A large set of 1H-15N, 1Hα-13Cα, 13C′i−1-Ni and 13Cα-13C′, as well as two-bond 1Hα-13C′ RDCs were previously reported for Ca2+-ligated calmodulin (Chou et al. 2001). For each calmodulin domain, the RDC data pointed to an, on average, narrower target-binding groove in solution than seen in the X-ray structure. Indeed, a best-fit of the RDCs in calmodulin’s four N-terminal domain α-helices to the 1 Å X-ray structure shows a rather poor fit (Qjk = 0.44) (Fig. 2A). Fitting the same RDCs to the experimental X-ray structure but with coordinates of each of the four helices replaced by best-fit superimposed ideal helices shows a comparably poor fit (Qjk = 0.43). However, separately fitting the RDCs to coordinates of individual idealized helices that are best-fit superimposed on the X-ray helices are considerably better (Fig. 2B–E), comparable to results obtained by fitting to the 1.0 Å X-ray coordinates of these four helices (SI Fig. S1). This result is consistent with the earlier observation that the average EF-hand interhelical angles in solution differ from those seen in the X-ray structure by ca 25° (Chou et al. 2001).
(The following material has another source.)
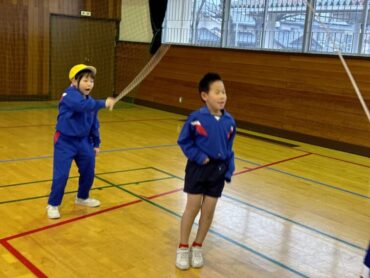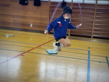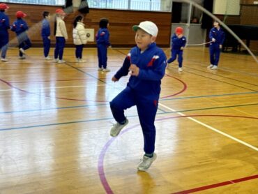 朝5運動 6年生は毎回1分間チャレンジをしています。8の字でどんどん跳んでいきます。2年生も今日見たらすごく上手にタイミングがとれるようになっていました。いつの間に?という感じです。

Fig. 2RDC analysis of α-helices in Ca2+-calmodulin’s N-terminal domain. A Fit of the normalized 1DNH (red ball), 1DHαCα (yellow ball), 1DC′N (green ball), 1DCαC′ (blue ball), and 2DHαC′ (pink ball) RDCs, reported by Chou et al. (2001) against values predicted by an SVD fit to the 1 Å X-ray structure (PDB entry 1EXR) (Wilson and Brunger 2000). B–E Individual SVD fits of normalized experimental RDCs to coordinates of idealized α-helices, best-fit superimposed on the corresponding backbone atoms (N, Cα, C′) of the X-ray coordinates. B Helix 1 (E6-F19); C Helix 2 (T29 to S38); D Helix 3 (E45–E54); and E Helix 4 (F65-R74). N refers to the number of backbone RDCs available for the SVD fits, and Qjk to the jackknifed Q values
RDC fits of the four individual N-terminal domain helices all exhibit G values well above the G value obtained when fitting RDCs of the entire N-terminal domain, regardless of using idealized coordinates or the X-ray coordinates for the SVD fits (Fig. 3A). This discrepancy in G values is primarily caused by a difference between the average relative helix orientations seen in the X-ray structure and those present in solution (Chou et al. 2001). These differences in average helix orientation are reflected in the well below unity value of the normalized scalar products of the alignment tensors obtained for the individual helices, both relative to one another and relative to a fit of each entire domain (Fig. 3B, C). Indeed, the variability in the interhelical EF-hand angles seen in high-resolution X-ray structures of complexes with different target sites highlights the importance of the flexible nature of these EF-hands, which allows calmodulin to fine-tune the interactions with its wide range of targets (Akke and Chazin 2001).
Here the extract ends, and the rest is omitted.